▶ What is required: Transcribe only the part of the material below that begins at the line containing "(我校烹饪组蒋露露老师为拜城县职业技术学校学生上面点课)" and ends at the line containing "Роза пионовидная кахала", with both kept and images left out.

▶ Records supplied:
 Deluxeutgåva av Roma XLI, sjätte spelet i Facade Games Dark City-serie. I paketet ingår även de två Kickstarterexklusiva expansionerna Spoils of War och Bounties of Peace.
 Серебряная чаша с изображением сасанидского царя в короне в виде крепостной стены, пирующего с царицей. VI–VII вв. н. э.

==

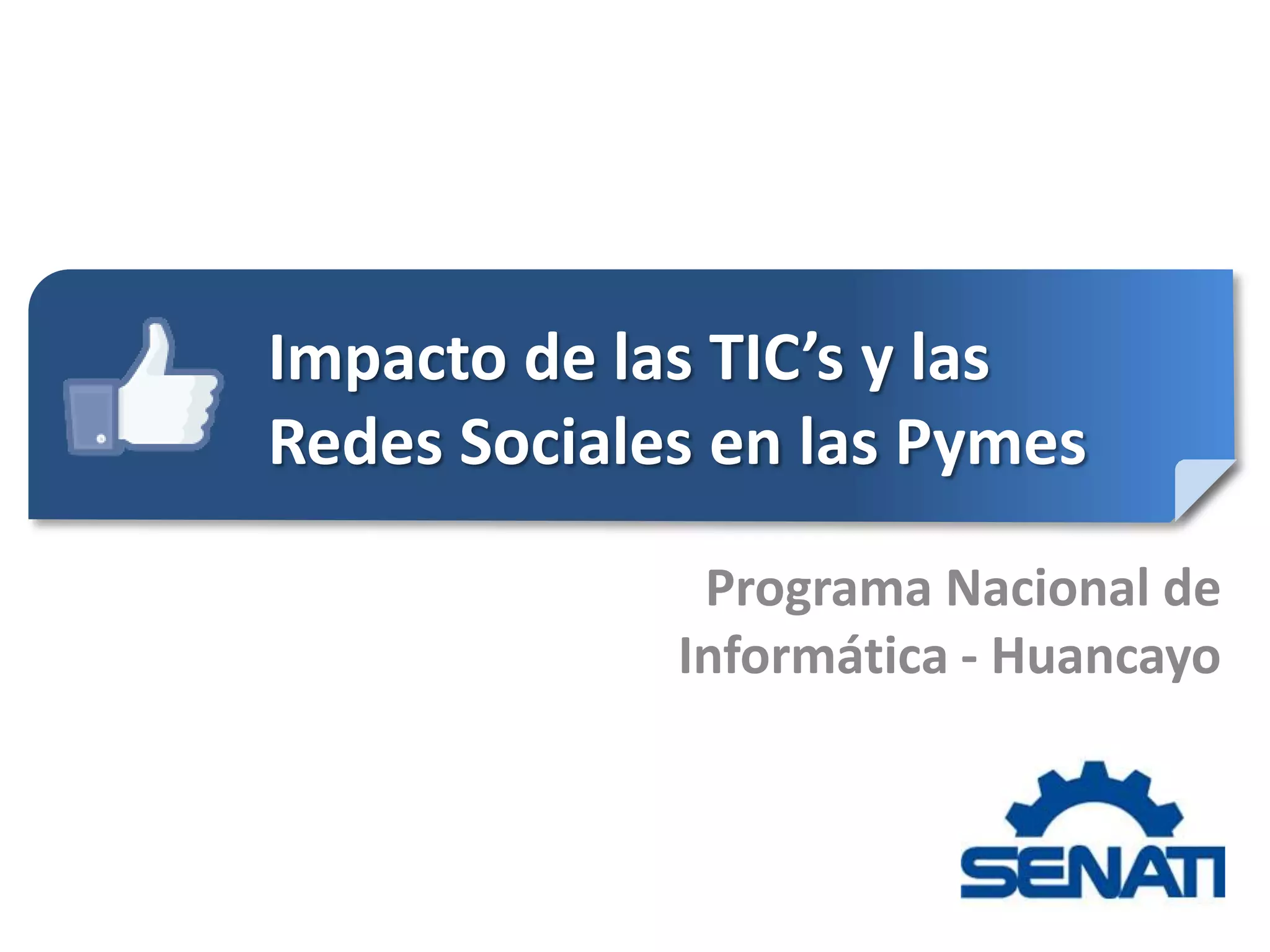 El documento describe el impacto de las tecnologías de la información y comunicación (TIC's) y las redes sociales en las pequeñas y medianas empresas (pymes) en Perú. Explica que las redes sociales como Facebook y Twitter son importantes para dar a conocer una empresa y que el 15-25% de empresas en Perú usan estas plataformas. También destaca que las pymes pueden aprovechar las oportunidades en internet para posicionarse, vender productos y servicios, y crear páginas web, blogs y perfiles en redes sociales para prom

...

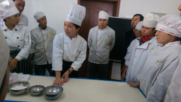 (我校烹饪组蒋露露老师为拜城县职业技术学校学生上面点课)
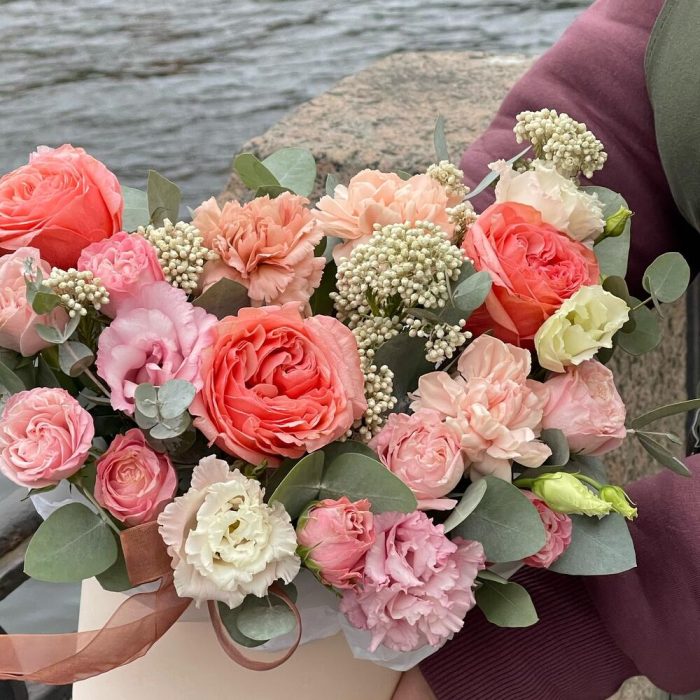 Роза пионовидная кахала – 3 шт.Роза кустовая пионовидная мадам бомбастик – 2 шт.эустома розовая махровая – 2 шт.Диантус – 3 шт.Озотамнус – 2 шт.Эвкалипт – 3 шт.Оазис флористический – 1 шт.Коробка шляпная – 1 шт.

▶ Final answer:
 (我校烹饪组蒋露露老师为拜城县职业技术学校学生上面点课)
 Роза пионовидная кахала – 3 шт.Роза кустовая пионовидная мадам бомбастик – 2 шт.эустома розовая махровая – 2 шт.Диантус – 3 шт.Озотамнус – 2 шт.Эвкалипт – 3 шт.Оазис флористический – 1 шт.Коробка шляпная – 1 шт.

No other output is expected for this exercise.